> [Problem description]: What you return should be only the lines in the entries below between the one holding "안전문화 활동 우수사례" and the one holding "Neckline & Cuffs |", ends included, with every picture left out.

> [Given entries]:
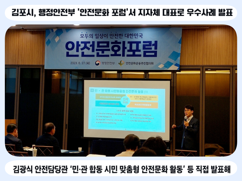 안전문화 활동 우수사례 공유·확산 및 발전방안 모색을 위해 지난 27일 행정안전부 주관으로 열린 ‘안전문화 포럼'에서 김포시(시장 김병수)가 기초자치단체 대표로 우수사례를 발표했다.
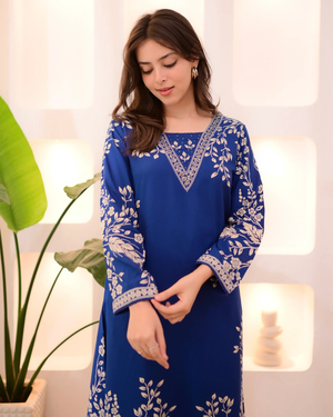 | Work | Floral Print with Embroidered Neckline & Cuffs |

==

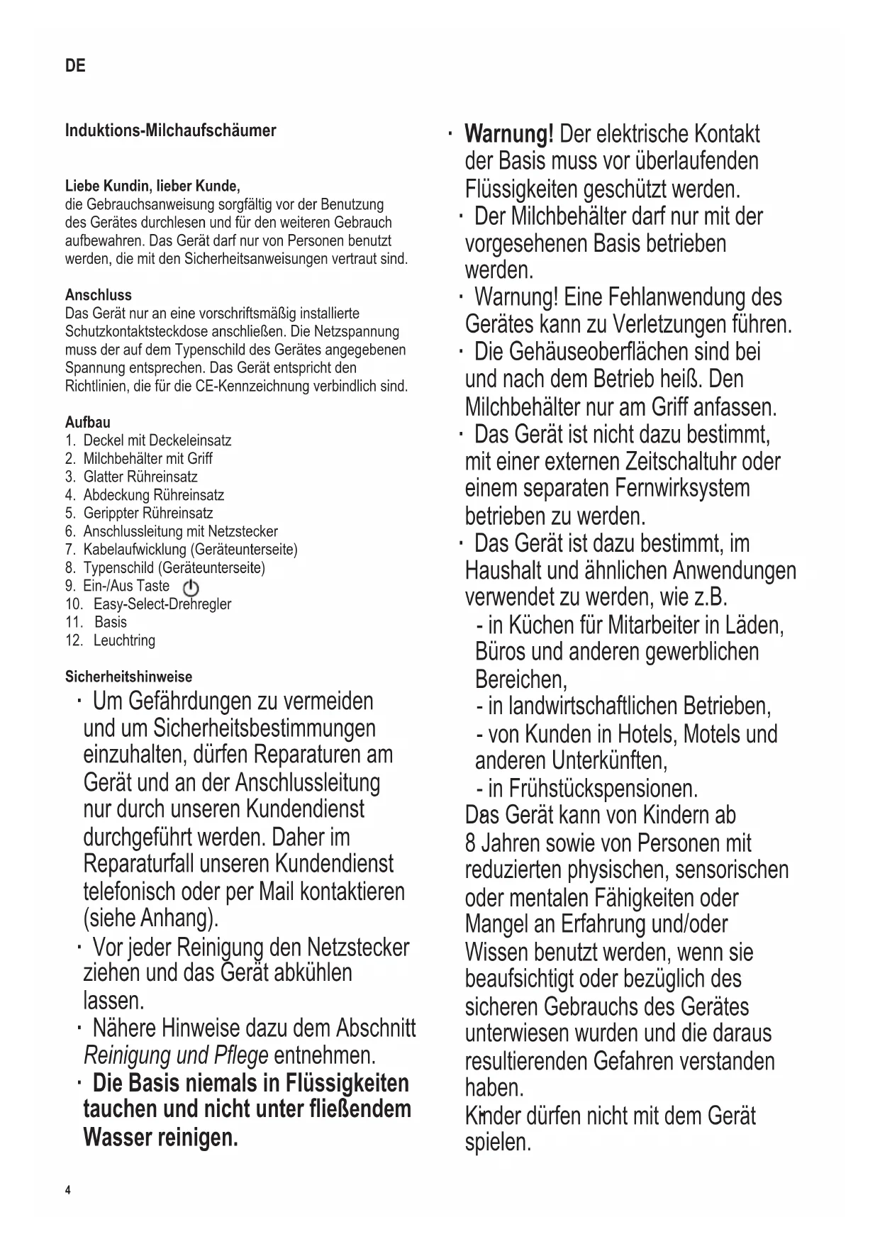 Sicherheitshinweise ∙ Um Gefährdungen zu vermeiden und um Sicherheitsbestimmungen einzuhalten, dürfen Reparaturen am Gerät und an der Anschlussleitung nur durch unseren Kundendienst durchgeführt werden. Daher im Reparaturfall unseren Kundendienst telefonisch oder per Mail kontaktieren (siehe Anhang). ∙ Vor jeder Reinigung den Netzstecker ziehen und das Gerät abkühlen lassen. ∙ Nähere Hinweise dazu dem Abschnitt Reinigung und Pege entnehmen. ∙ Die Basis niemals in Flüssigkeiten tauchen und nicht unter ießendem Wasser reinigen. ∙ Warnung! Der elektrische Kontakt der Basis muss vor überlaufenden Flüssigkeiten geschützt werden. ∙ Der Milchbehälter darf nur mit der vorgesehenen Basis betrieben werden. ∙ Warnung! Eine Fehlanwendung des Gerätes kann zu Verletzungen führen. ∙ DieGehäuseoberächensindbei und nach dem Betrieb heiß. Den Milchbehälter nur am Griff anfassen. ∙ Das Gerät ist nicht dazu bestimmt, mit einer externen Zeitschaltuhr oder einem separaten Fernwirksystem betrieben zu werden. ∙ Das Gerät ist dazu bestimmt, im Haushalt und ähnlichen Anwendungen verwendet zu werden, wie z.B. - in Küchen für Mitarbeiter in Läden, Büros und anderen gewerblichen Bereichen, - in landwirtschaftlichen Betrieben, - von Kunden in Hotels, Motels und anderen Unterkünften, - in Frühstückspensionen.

--

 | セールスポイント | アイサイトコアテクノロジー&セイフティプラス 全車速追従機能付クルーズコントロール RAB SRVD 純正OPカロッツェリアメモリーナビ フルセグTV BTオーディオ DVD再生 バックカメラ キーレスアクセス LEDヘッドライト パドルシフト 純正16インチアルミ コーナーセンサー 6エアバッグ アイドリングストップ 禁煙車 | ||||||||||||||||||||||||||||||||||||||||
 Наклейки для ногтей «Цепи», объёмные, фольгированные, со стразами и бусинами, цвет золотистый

> [Exercise result]:
 안전문화 활동 우수사례 공유·확산 및 발전방안 모색을 위해 지난 27일 행정안전부 주관으로 열린 ‘안전문화 포럼'에서 김포시(시장 김병수)가 기초자치단체 대표로 우수사례를 발표했다.
 | Work | Floral Print with Embroidered Neckline & Cuffs |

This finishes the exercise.